思及张云旗说不要冷着苏玉青,楚紫遥连忙脱了外套裹在仍处于昏迷之人的身上。
夜行山路,凹凸不平。
楚紫遥怕太颠簸伤了苏玉青,走得极慢。期间不停地说话,想要唤醒苏玉青。
苏玉青处于半昏迷半清醒的状态,只觉得浑身无力,头越来越昏沉,隐约听到声音,想要答应,却是一口气提不上来,唯有软软的趴在了楚紫遥身上。
微弱的呼吸扑打在脖颈处,馨香伴着血腥味扑鼻而来。楚紫遥心中酸楚,忍耐多时的眼泪终于不受控制的就流了出来,迷了双眼。
“师姐,千万不要睡!我们去找师父,他定能救你!”
月光直照小径,楚紫遥左一步右一步的乱踩,手上鲜血已经浸湿大片衣袖。
下到山半腰,苏玉青背心一痛,悠悠转醒,一口热血吐在了楚紫遥身上。
热滚滚的血液顺着脖颈逐渐浸湿了衣衫,楚紫遥心陡然一酸,不禁热泪盈眶。
苏玉青一口淤血积在胸口,吐出来反而好些。见楚紫遥双目含泪,知道她是在担心自己,心中不忍,努力扯起一丝微笑:“我没事。”
口中说着没事,却是再也使不出力气说话,没过多久,又昏了过去。
楚紫遥心如刀绞。大约走了一里,突然很怕苏玉青就这样睡死过去,于是找一块空地放下苏玉青,去摸她的手,居然刺骨的凉。

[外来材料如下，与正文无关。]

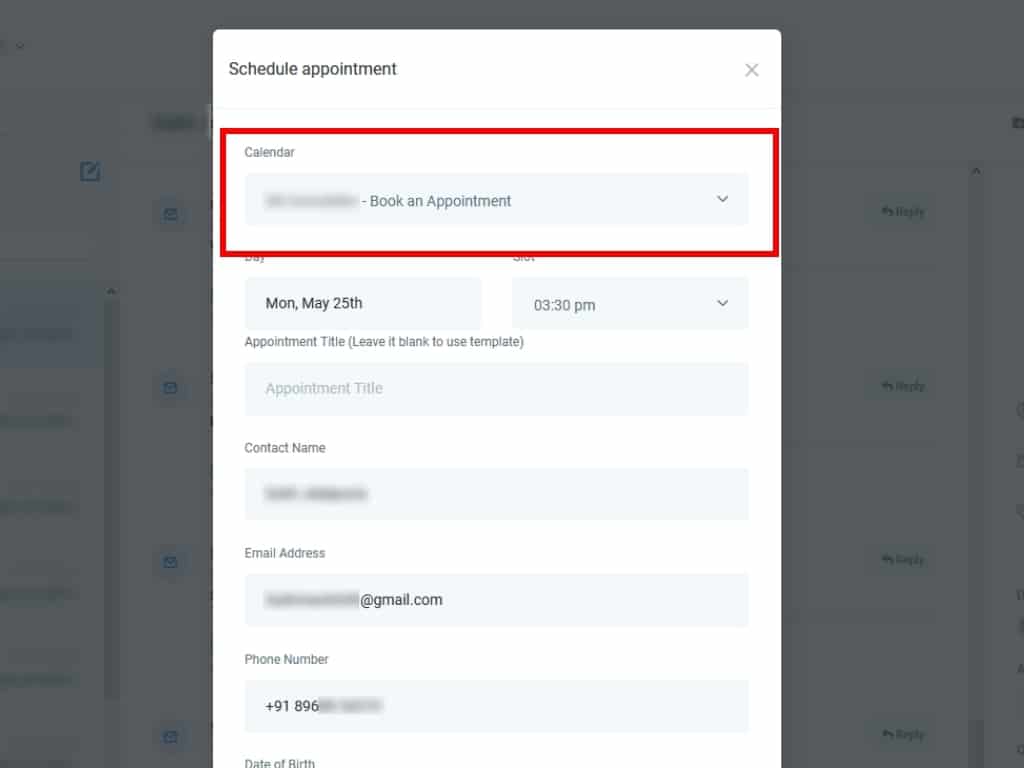 In the pop-up that opens, the first field you see is Calendar. If you're using more than one calendar in your CRM, you'll need to select which calendar you want the new appointment to appear on.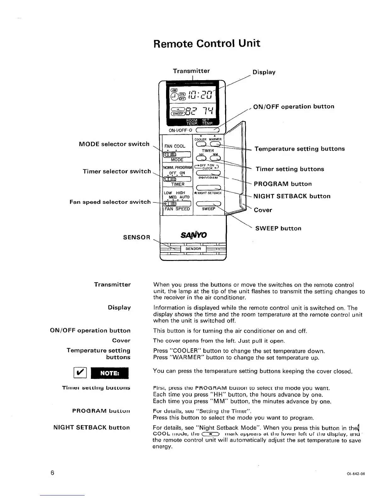Sanyo TS2422 - Remote Control Unit; Transmitter; Display; ON;OFF operation button
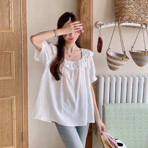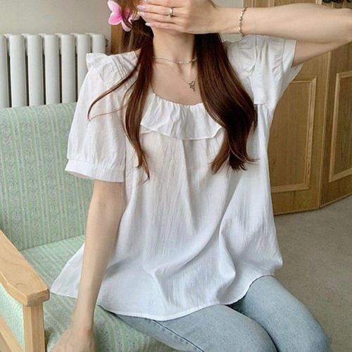 [오너클랜]인기상품 스퀘어넥 반팔 프릴 여성용 데일리 블라우스 [WFLLK24_260305]
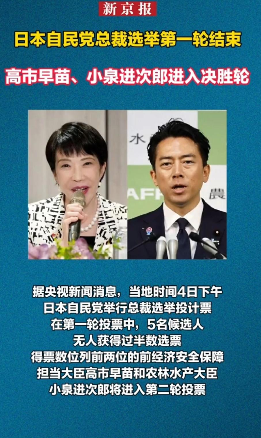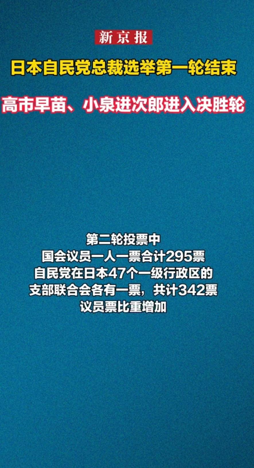 高市早苗当选日本自民党总裁,预计将成为日本历史上第一位女首相。高市早苗当选日本自民党第29任总裁,大概率会成为新一任日本首相,将是日本历史上首位女性首相。 在第二轮投票中,国会议员一人一票共295票,自民党47个一级行政区支部联合会各一票,共342票,高市早苗拿到185票。她当选自民党历史上首位女性总裁,这一结果在日本政坛无疑是个大事件。不过,日本未来在她的领导下会走向何方,是延续旧有路线,还是有新的变化,值得持续关注。 这个高市早苗当选日本新首相,就是她不断强调台湾有事,就是日本有事那个极度反华的日本政客。 对于国人来说;谁上来都一样,改变不了这个国家的狼子野心!对于日本只能各方面强过它,它才会安分守己。要不然亡华之心不死,才是心腹大患。我们只能做好防范,强大自己!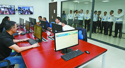 ④与会代表参观刚建成并正式投入运行的中国石油招标中心西北分中心。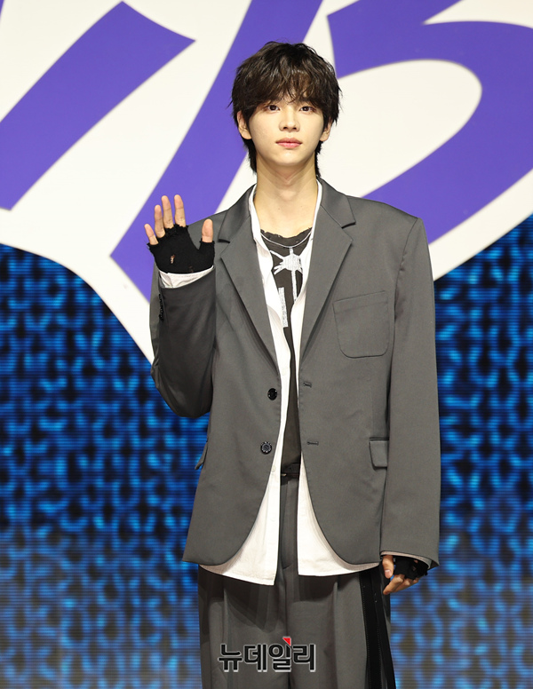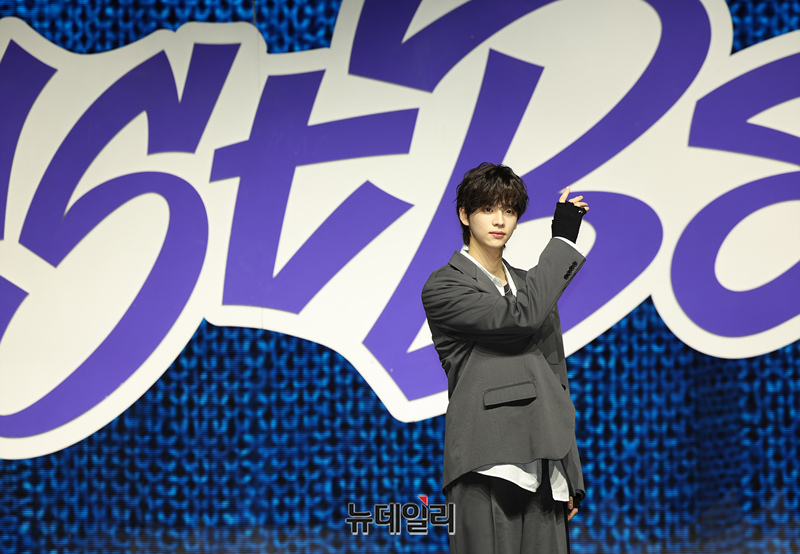 아이돌그룹 투어스(TWS) 경민이 25일 오후 서울 용산구 블루스퀘어에서 열린 싱글 1집앨범 'Last Bell(라스트 벨)' 쇼케이스에서 포즈를 취하고 있다.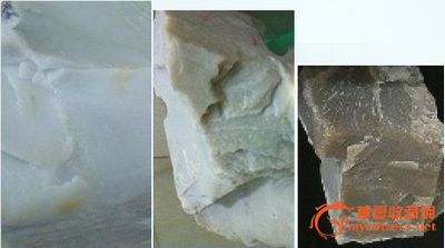 我上手的几快罗甸玉颜色都是白中带灰,少量的一点使纯白色的,还有有一点少量浅绿色的,眼睛直观看上去,料明显的油润度不够,表面干吧吧的。从机器切割后的表面看结构也很细腻的,但大多数料的发闷僵,感觉就是玉中带石,石中有带玉的感觉,没有那中和田玉长见的光泽,显得呆板缺少玉的灵性。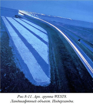 Барьер завершили в 1986 г. За прошедшие годы здесь сформировался новый на 100 % рукотворный ландшафт, включающий появившиеся озера, дамбы, побережья, рекреационные территории, новые жилые образования и промышленные территории. Архитектурной группе West8 предложили разработать проект трансформации песчаных поверхностей в искусственные дюны. Однако вместо этого архитекторы решили на месте огромных площадей насыпанного песка создать огромное плато покрытое раковинами двух цветов – белого и темного (Рис. 8–11).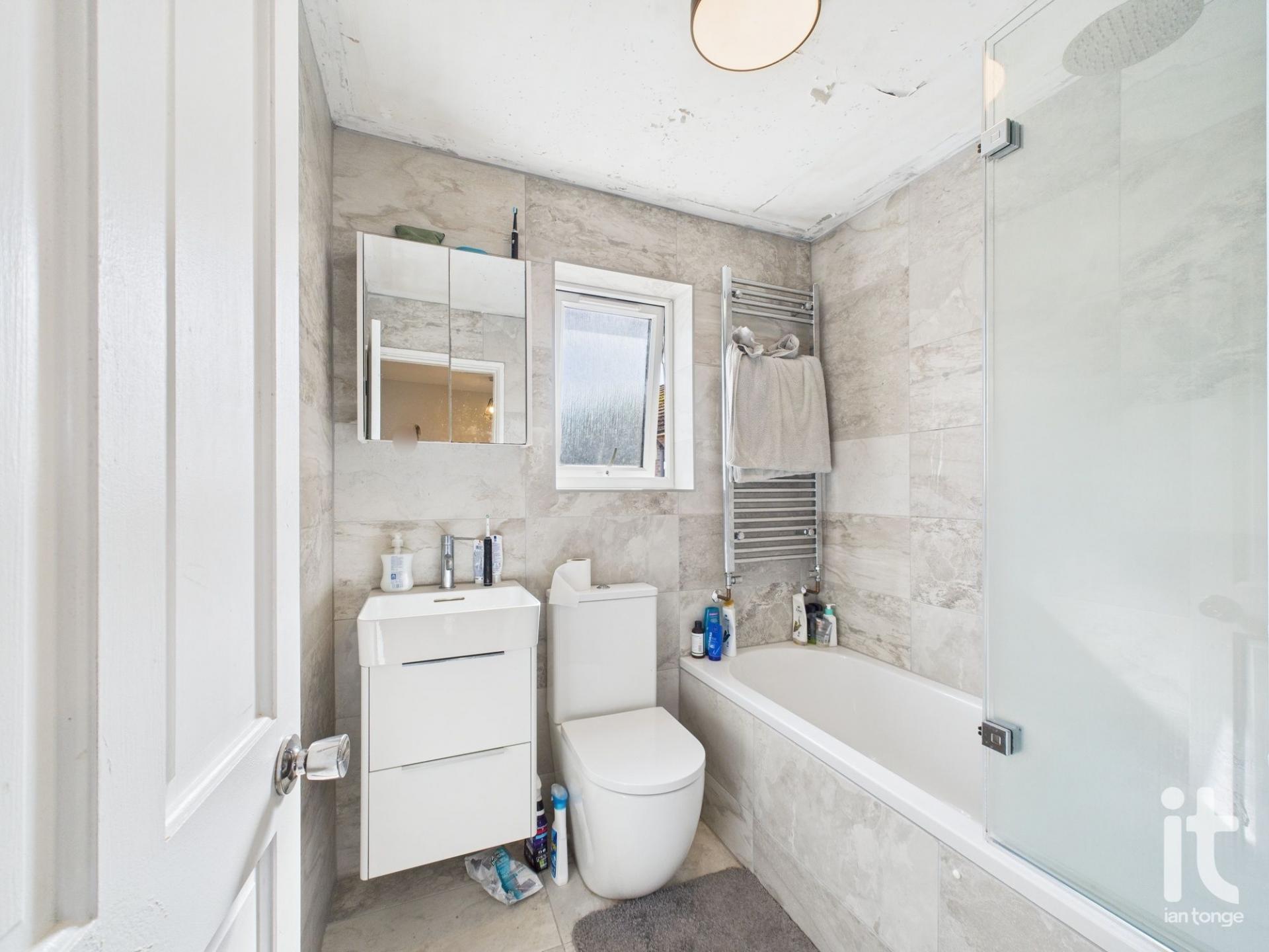 uPVC double glazed frosted window to rear aspect, low level wc, vanity sink unit, shower over bath with shower screen, single central heating radiator, tiled walls, towel radiator.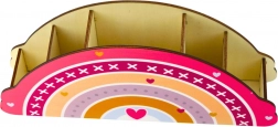 Organizator ne le da poživi vsako mizo, temveč ponuja tudi pet predalčkov različnih širin za udobno shranjevanje pisal in pripomočkov, kot so svinčniki, barvice, škarje ali čopiči. Njegove kompaktne dimenzije (30 × 12,8 × 8,2 cm) so idealne za otroško sobo, učni kotiček ali vrtec.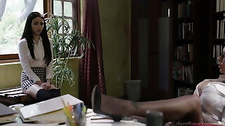 Young assistant seduces MILF lesbian and licks her moist fuckbox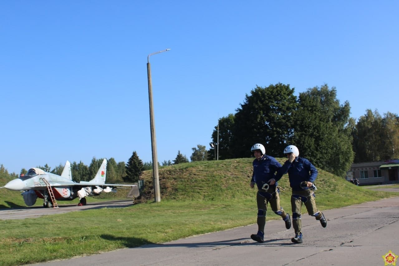 На аэродроме 61-й истребительной авиационной базы Вооруженных Сил Беларуси прошел торжественный ритуал заступления на боевое дежурство по совместной охране дежурными силами воздушных границ Союзного государства. Одновременно в это же время в западной точке страны специалисты зенитных ракетных войск также заступили на боевое дежурство с теми же задачами и целями.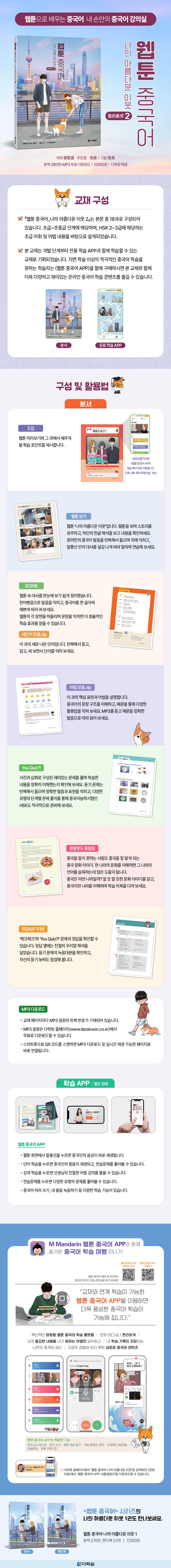 본 교재는 개발 단계부터 전용 학습 APP과 함께 학습할 수 있는 교재로 기획되었습니다. 지면 학습 이상의 적극적인 중국어 학습을 원하는 학습자는 〈웹툰 중국어 APP〉을 함께 구매하시면 본 교재와 함께 더욱 다양하고 재미있는 온라인 중국어 학습 콘텐츠를 즐길 수 있습니다.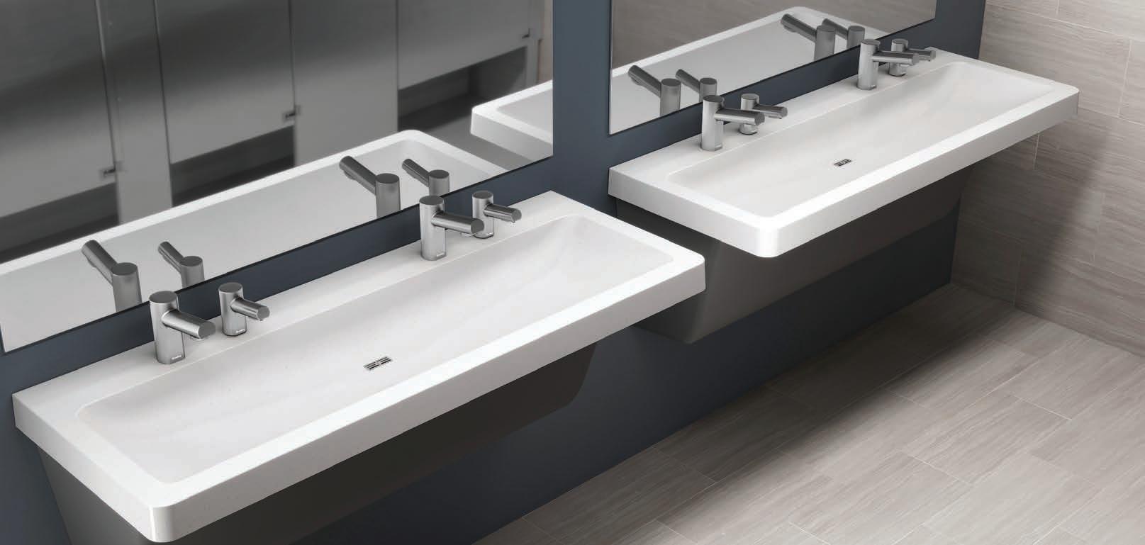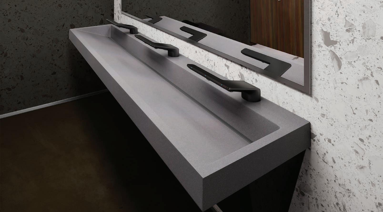In total, 147 all-in-one fixtures and a combination of single-, double- and triple-station washbasins made of non-porous natural quartz were specified for the project.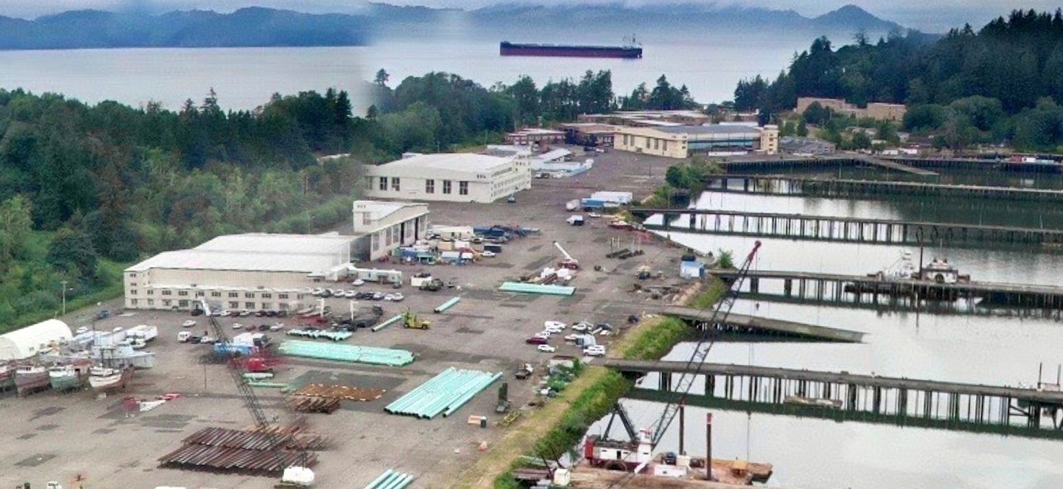 An August 2022 aerial view looking north at the Tongue Point seaplane ramp, 3 hangars, and piers.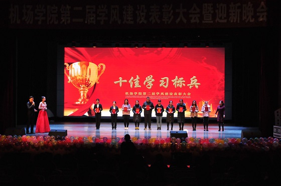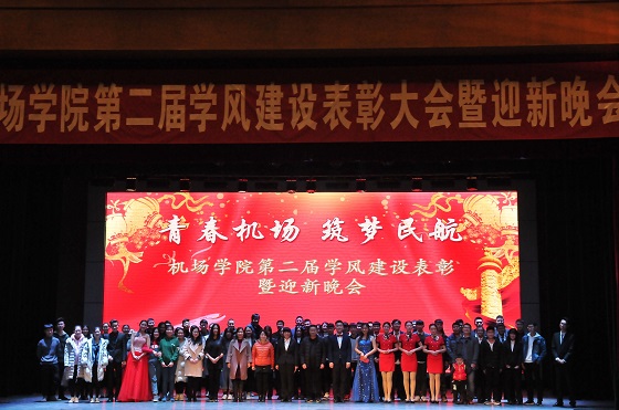 12月24日晚,欧冠官方网站入口“青春机场,筑梦民航”第二届学风建设表彰大会暨迎新晚会在我校学苑会堂隆重举办。学院党总支书记董克勇老师、学生工作处副处长代林老师、校团委副书记于峰老师、学院副院长韩春燕老师、院长助理柳明老师等应邀出席晚会,并为获奖代表颁奖。欧冠官方网站入口全体师生以及来自全校各院系的受邀师生代表八百余人参加了晚会。

一时间,她不知道该怎么办,连忙将真气注入苏玉青体内。
苏玉青全身冰冷,朦胧中却也知道是病发了。过不多久,感觉到源源不断的真气逐渐温暖着她,身上渐渐有了一丝力气。缓缓睁开眼睛,见到的是楚紫遥胸前的一大片血渍,侧头,便见到其袖袍也是被鲜血浸湿了一大片。
起初,她还以为是自己的血。定睛一看,才见到楚紫遥袖袍破了很大一道口子,显是手臂受了伤。
苏玉青挣扎着起身,皱眉道:“师妹,你放手。”
楚紫遥见她醒来,知道输的内力有用,哪里会放手?不放手,反而将真气不间断的输出,宽慰道:“你醒了,很好。”
苏玉青虚弱道:“你受伤了……”
楚紫遥侧头看了眼臂膀的伤口,不以为然,且打定主意不放手。
苏玉青知其心思,正色道:“放手!若再不放,我便再不理你!”
这话说得有点重,且语气很冷。
楚紫遥犹豫片刻,便不情愿地收了手。怕苏玉青真的不理她,只好撕下一块衣襟随便裹了伤口,问道:“云雾山怎么走?”
她虽是云雾山弟子,却是从未去过云雾山,当然不知道云雾山在哪里。先前在山上心乱如麻,只想着要赶紧去云雾山找师父,却忘了问云雾山在何方何处?
苏玉青见她包扎了伤口,略微放心,强忍着身上的伤痛道:“下了山我再指路。”
楚紫遥背起苏玉青,还是走得很慢。
苏玉青道:“走快些,我没事,待会儿遇上敌人就不好了。”
楚紫遥顿了顿,随即一咬牙,施展轻身功夫迅速下山。
两人此时甚是狼狈,只想着快些下山。若回头望去的话,定能见到一黄一白两名女子正在控蛊抗敌。
原来,敌人早已到了。
所谓上山容易下山难,待下得昆仑山,已将破晓。
前方有马,哪里管得了是谁的?
楚紫遥改背为抱,足尖一点便抱着苏玉青纵上红马,一打马肚子,马儿疾驰而去。
*
清晨露重,雾影重重。
苏玉青身上的凉意去了大半,倚在楚紫遥怀里闭目养神。一番逃亡,背心一阵钻心的痛。她很清楚自己不怕死。可是,想到还有好些陈年佳酿没有品尝,便舍不得就这么轻易的死掉。
抬眼见楚紫遥神色悲戚,不禁微微叹息:“师妹,我死不了,你不要伤心。”
听到死字,楚紫遥心中一酸,竟不知道该如何回答。
苏玉青受伤后她一直都不敢提死字,甚至想都不敢去想。此时自苏玉青口中而出,顿感凄凉,一时没把持住,眼泪簌簌而落。
楚紫遥的眼泪顺着脸庞滑落到苏玉青的嘴里,咸咸涩涩,让人直想掉泪。想着往日楚紫遥对她的好,她的心就软了下来,轻声道:“有一次我孤身闯入一个强盗窝,里面有十八位高手,结果我胜了。你想想,我一个女人,那么大的胆子,竟然敢公然挑衅十八位彪形大汉,最后还大胜而归。我曾听说胆子大的女人都很长命,所以我的命一定很长。”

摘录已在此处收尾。